### PROBLEM TO WORK ON
The whole listing is to be written out again exactly; the pictures are not.

### MATERIAL PROVIDED
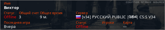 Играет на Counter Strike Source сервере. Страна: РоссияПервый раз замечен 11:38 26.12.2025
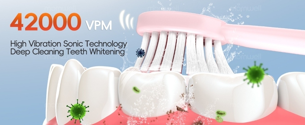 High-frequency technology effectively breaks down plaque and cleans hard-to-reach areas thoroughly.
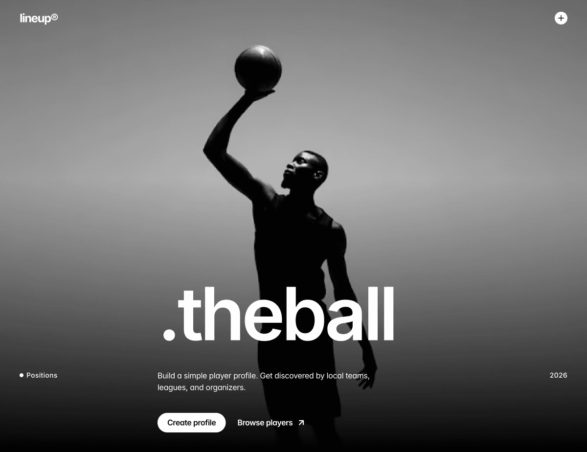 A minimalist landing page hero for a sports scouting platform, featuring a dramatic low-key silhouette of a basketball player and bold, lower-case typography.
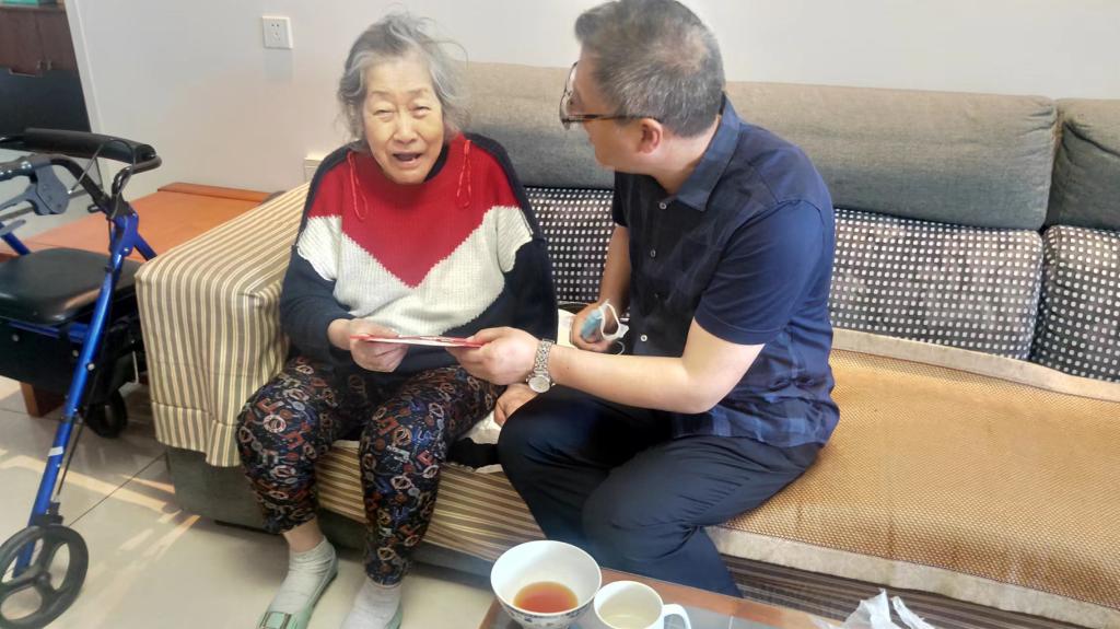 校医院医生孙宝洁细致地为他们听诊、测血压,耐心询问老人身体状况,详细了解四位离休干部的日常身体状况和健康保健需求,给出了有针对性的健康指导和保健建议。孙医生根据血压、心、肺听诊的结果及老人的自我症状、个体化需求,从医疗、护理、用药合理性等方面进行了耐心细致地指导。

### ANSWER SECTION
 Играет на Counter Strike Source сервере. Страна: РоссияПервый раз замечен 11:38 26.12.2025
 High-frequency technology effectively breaks down plaque and cleans hard-to-reach areas thoroughly.
 A minimalist landing page hero for a sports scouting platform, featuring a dramatic low-key silhouette of a basketball player and bold, lower-case typography.
 校医院医生孙宝洁细致地为他们听诊、测血压,耐心询问老人身体状况,详细了解四位离休干部的日常身体状况和健康保健需求,给出了有针对性的健康指导和保健建议。孙医生根据血压、心、肺听诊的结果及老人的自我症状、个体化需求,从医疗、护理、用药合理性等方面进行了耐心细致地指导。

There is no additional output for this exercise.